Cox gets angry with this kind of advertising.

“They just went overboard,” he says. “And they saw dollar signs and they went for it and they didn’t take into account that they were hurting their core clientele, their patients.”

Eli Lilly, which makes Trulicity and Mounjaro, has made public statements against the use of GLP-1 drugs for “cosmetic weight loss” and other inappropriate uses. And Novo Nordisk, which makes Ozempic, says its advertising is intended to educate patients, not promote off-label uses.

“While Wegovy and Ozempic both contain semaglutide, they are different products with different indications, dosages, prescribing information, titration schedules, and administration forms,” ​​Eric Althoff, representing Novo Nordisk, wrote in an email to NPR. “The products are not interchangeable and should not be used outside of their FDA-approved indications.”

Which patients should be given priority?

However, preserving medicines for the people for whom they are approved remains a challenge.

At CVS Caremark, a pharmacy benefits manager, the solution involves looking at a patient’s history with the company to see if there’s any prior evidence that they have diabetes. About a third of the time, there isn’t, says Dr. Daniel Knecht, chief innovation officer at CVS Caremark, and then the company will require a prior authorization, asking the doctor to justify the prescription.

“Of the prescribers who go ahead and complete that prior authorization, we reject about 84%, which means most of those patients are not actually diabetic and it’s an off-label use,” he said.

However, some doctors believe that CVS Caremark’s approach could lead to more problems.

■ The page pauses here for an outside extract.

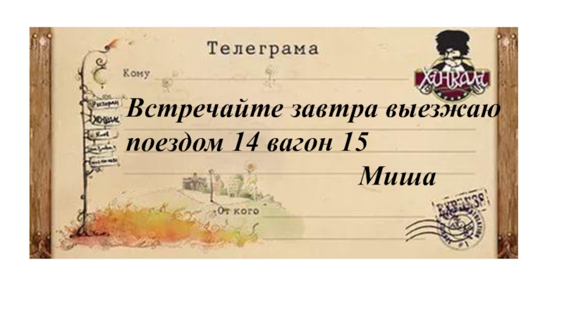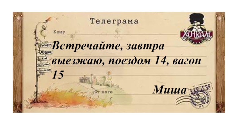 Слайд 19Встречайте, завтра выезжаю, поездом 14, вагон 15

Dr. Scott Isaacs, president-elect of the American Association of Clinical Endocrinology, says there’s a lot of overlap between patients with type 2 diabetes and patients who need GLP-1s to lose weight. Still, he says he can prescribe a diabetes drug to a patient who wants to lose weight, and vice versa — he’ll prescribe whichever drug is available and covered by the patient’s insurance.

He is angry about a worrying trend at the pharmacy.

“I feel like it’s discrimination based on obesity,” he says. “They would tell patients things like, you know, you don’t deserve to be on this or, you know, this is for patients with diabetes, you’re abusing this drug even if the doctor prescribes it.”

While someone with diabetes may respond more immediately to skipping a dose of one of these medications, Isaacs says both groups of patients really need their medications.

It is unclear how quickly the shortage will be resolved, but pharmaceutical companies have invested in new factories and say they are ramping up production.